Cependant, il arrive qu’un roman plaise pour d’autres critères que l’identification au personnage principal.

Le plaisir de la lecture est dû aussi à d’autres facteurs.

En premier lieu, l’histoire racontée prime et le personnage principal est secondaire. Les travaux d’Haussmann dans la Curée et les amours illégitimes de Renée et de Maxime priment sur les personnages considérés comme peu attachants. Cette relecture du mythe de Phèdre dégradée n’entraîne pas d’adhésion pour le personnage principal, en revanche nous apprécions les affaires financières qui sont racontées. De même, dans les romans modernes, on s’attache plus au récit qu’au personnage, par exemple dans Eldorado de Laurent Gaudé, le récit des difficultés des migrants prend le dessus sur celles du personnage principal.

De surcroît, le cadre de l’histoire peut nous attirer davantage que le héros : le lecteur est sensible à la description des lieux, des paysages, qui lui rappellent éventuellement des souvenirs personnels ou le font rêver. Par exemple, les récits remplis de soleil de Giono rappellent la Provence et le lecteur aimera ces descriptions riantes et ce cadre idyllique, dans L’étranger de Camus, les baignades de Meursault et de Marie sur la plage d’Alger sont agréables à lire d’autant plus que le narrateur décrit une foule de baigneurs heureux des premiers jours d’été. Meursault n’est pas attachant mais le cadre décrit est très séduisant. Nous pouvons aussi rapprocher ces atmosphères ensoleillées de l’inverse : le cadre brumeux et mystérieux des romans anglais peut attirer le lecteur par une ambiance particulière. Par exemple, quand Jane Eyre rencontre Monsieur Rochester, le début de la nuit est aussi propice à la rencontre entre les deux personnages. Dans Le chien des Baskerville de Conan Doyle, la lande décrite est un facteur d’adhésion pour celui qui aime le mystère et la peur.
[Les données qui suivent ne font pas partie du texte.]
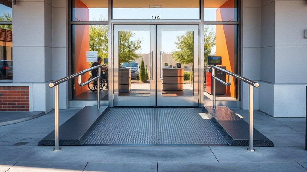 To guarantee your design complies with ADA standards, you should incorporate accessible fixtures like wider doors and ramps, and prioritize safety considerations. Check ADA guidelines for specific measurements and requirements, and consult with a professional architect or accessibility expert. They’ll help you verify that your plans meet all regulations, ensuring safety and accessibility for wheelchair users. Regularly review local codes, as they may have additional or updated standards.
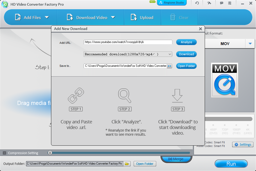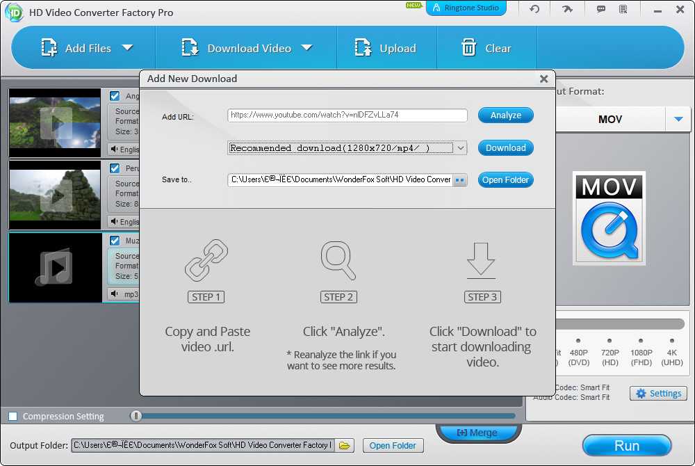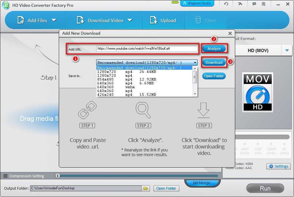 Besides converting videos, WonderFox HD Video Converter Factory Pro also makes it easy to download videos from various online video sharing sites. What you need to do first is just copy and paste the video URL you want to download. Then, you need to click the “Analyze” button and wait until the analysis is finished. Finally, you need to click on the “Download” button. Downloading online videos is very simple and you can finishing this process just with three steps.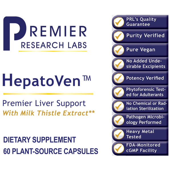 Premier Research Lab’s liver support formula, HepatoVen™, is a comprehensive, multi-botanical formula that showcases the premier quality extracts of milk thistle seed and artichoke leaf.  This formula clinically delivers 510 mg of milk thistle extract (per 3 capsules) with standardized, HPLC-verified silymarin (45% concentration) to ensure an effective dosage to support liver health concerns. Silymarin, a key phytochemical in milk thistle seed, is a highly active flavonolignan traditionally used for its hepato-supportive and antioxidant properties to promote the healthy structure and function of the liver.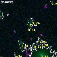 Black segments are analyzed here. Roll mouse over color images to view segments. Best viewed in a wide browser window (1200 pixels or more). Download SED & P(z) plots to view larger versions.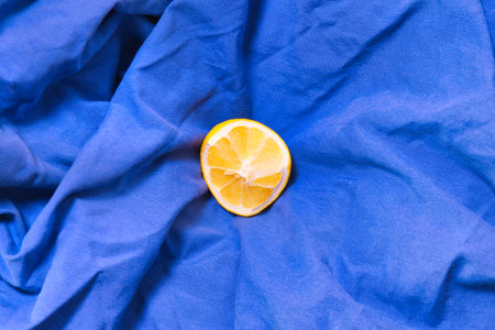 Minimal composition with lemon slice on serenity blue fabric. Creative sailing concept. Isometric view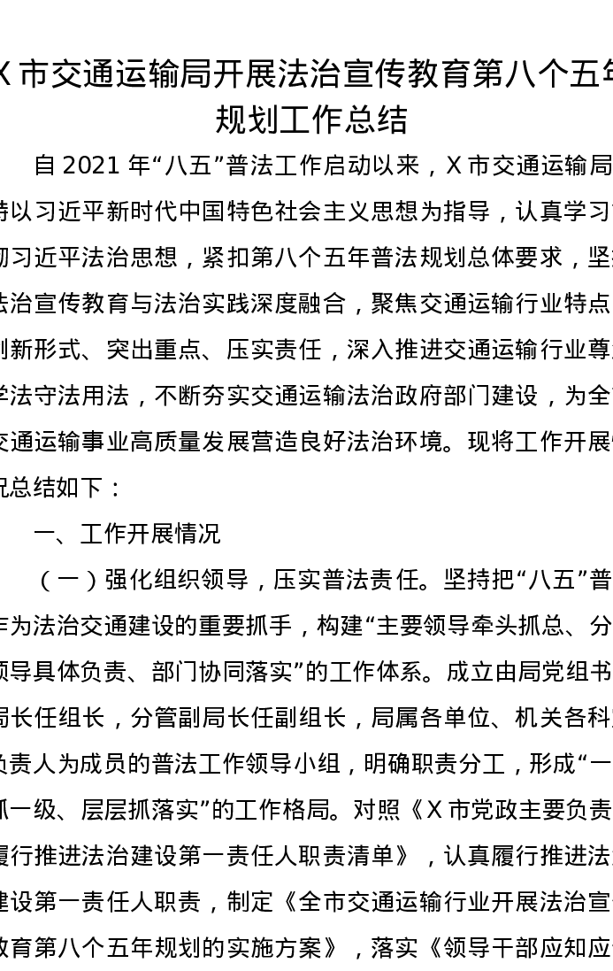 X市交通运输局开展法治宣传教育第八个五年规划工作总结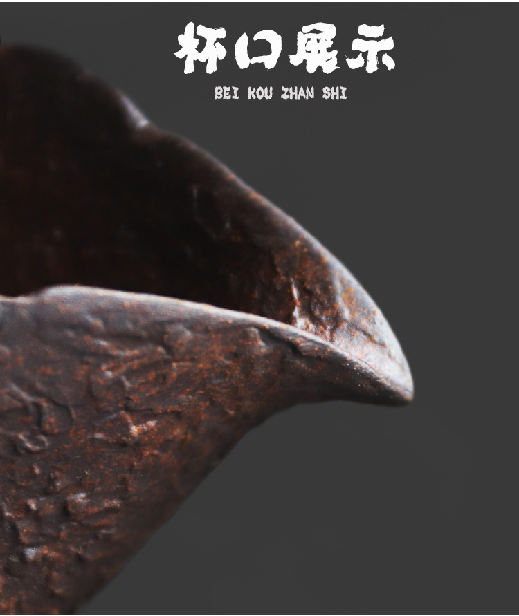 レトロ粗陶老岩泥花びら主人ティーカップ中国式創意工夫茶道個性飲み水品茗シングルカップ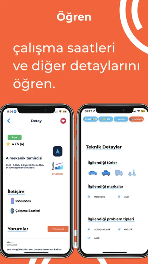 - Tamircilerin Açık/Kapalı durumlarını görebilir dilersen tüm çalışma saatlerine göz atabilirsin.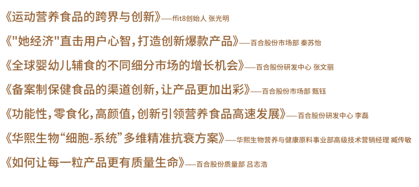 备案制下的渠道创新、运动营养食品的跨界与创新、女性群体爆款创新、剂型创新、口感创新、原料创新、生产技术创新······

En outre, le personnage peut disparaître au profit d’une idée, d’une philosophie, d’un système de pensée : les idées de l’auteur priment et le lecteur adhère plus à ces idées qu’au personnage. C’est le cas de tous les contes philosophiques de Voltaire où les personnages même séduisants disparaissent au profit des idées de l’auteur. Prenons Zadig, héros persan du conte éponyme de Voltaire : il est certes attachant mais le lecteur va davantage réfléchir à la tolérance, au fait religieux, aux relations entre les hommes et les femmes ou à la Providence. Il se concentre sur les réflexions de l’auteur. C’est le cas de l’Alchimiste de Paulo Coelho où le personnage principal porte un propos philosophique : il faut aller vers ses rêves et les accomplir, le lecteur suit la quête du jeune héros et espère lui aussi accomplir ses rêves, le propos de l’auteur prédomine ici.

Enfin, le lecteur peut aimer un style et non un personnage. Qui ne connaît pas une personne qui « aime tel auteur » au-delà de ses histoires ? Certains vont se délecter des pages de Marcel Proust qui proposent un style fait de subordonnées complexes et emboîtées difficile à lire, d’autres aimeront la plume de Chateaubriand qui dans ses Mémoires d’Outre-tombe rappelle ses souvenirs de vie en un style poétique et brillant. D’autres vont saluer le travail de Flaubert, minutieux à l’extrême, précis et toujours juste, en recherchant cette ironie qui a fait son succès posthume, enfin, le style vif et percutant de Voltaire passionnera ceux qui aiment l’ironie mordante et l’intelligence aiguë et auront plaisir à le retrouver au fil de ses pages.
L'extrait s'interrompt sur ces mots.